30 June 2014

Thank you for making a simple compliance test very happy

Rob and I had a look at the gstat tests for RAL's CASTOR. For a good while now we have had a number of errors/warnings raised. They did not affect production: so what are they?

Each error message has a bit of text associated with it, saying typically "something is incompatible with something else" - like an "access control base rule" (ACBR) is incorrect, or tape published not consistent with type of Storage Element (SE). The ACBR error arises due to legacy attributes being published alongside the modern ones, and the latter complains about CASTOR presenting itself as tape store (via a particular SE)

So what is going on?  Well, the (only) way to find out is to locate the test script and find out what exactly it is querying. In this case, it is a python script running LDAP queries, and luckily it can be found in CERN's source code repositories. (How did we find it in this repository? Why, by using a search engine, of course.)

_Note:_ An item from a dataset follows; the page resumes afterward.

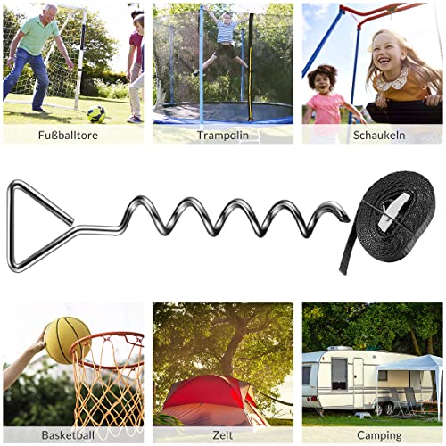 VERSATILE: il set da 4 picchetti da terra MONZANA 4 non solo offre una protezione ottimale per il vostro trampolino, ma può anche essere utilizzato come ancoraggio a terra per la tenda da campeggio, l'altalena, gli scivoli, i sistemi di canestri da basket o altre attrezzature da esterno.

Ah, splendid, so by checking the Documentation™ (also known as "source code" to some), we discover that it needs all ACBRs to be "correct" (not just one for each area) and the legacy ones need an extra slash on the VO value, and an SE with no tape pools should call itself "disk" even if it sits on a tape store.

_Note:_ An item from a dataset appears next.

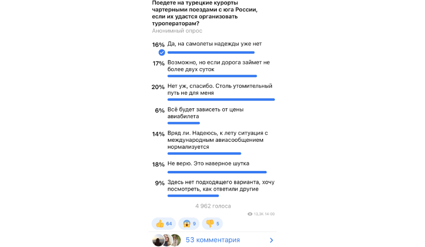 Опрос телеграм-канала «Крыша ТурДома» – «Поедете на турецкие курорты чартерными поездами с юга России, если их удастся организовать туроператорам?» – вызвал живой интерес аудитории. За 2 дня получено более 4800 ответов, что неудивительно – из-за западных санкций авиаперелеты в Турцию стали невозможны для большинства лайнеров отечественных авиакомпаний, туристы крайне заинтересованы в альтернативах, даже самых экзотических.

So it's essentially test driven development: to make the final warnings go away, we need to read the code that is validating it, to engineer the LDIF to make the validation errors go away.

09 June 2014

How much of a small file problem do we have...An update

So as an update to my previous post "How much of a small file problem do we have..."; I decided to have a look at a single part of the namespace within the storage element at the tier1 rather than a single disk server. (The WLCG VOs know this as a scope or family etc.)
When analysing for ATLAS ( if you remember this was the VO I was personally mostly worried about due to the large number of small files; I achieved the following numbers:

Total number of files          3670322
Total number of log files    109025
Volume of log files             4.254TB
Volume of all files              590.731TB
The log files  represent ~29.7% of the files within the scope, so perhaps the disk server I picked was enriched with log files compared to the average.
What is worrying is that this 30% of files is only reponsible for  0.7% of the disk space used ( 4.254TB out of a total 590.731TB).
The mean filesize of the log files is 3.9MB and the median filesize is 2.3MB. Also the log files size varies from 6kB to 10GB;  so some processes within the VO  do seem to be able to create large log files. If one were to remove the log files from the space; then the files mean size would increase from 161MB to 227MB ;  and the median filesize would increase from 22.87MB to 45.63MB.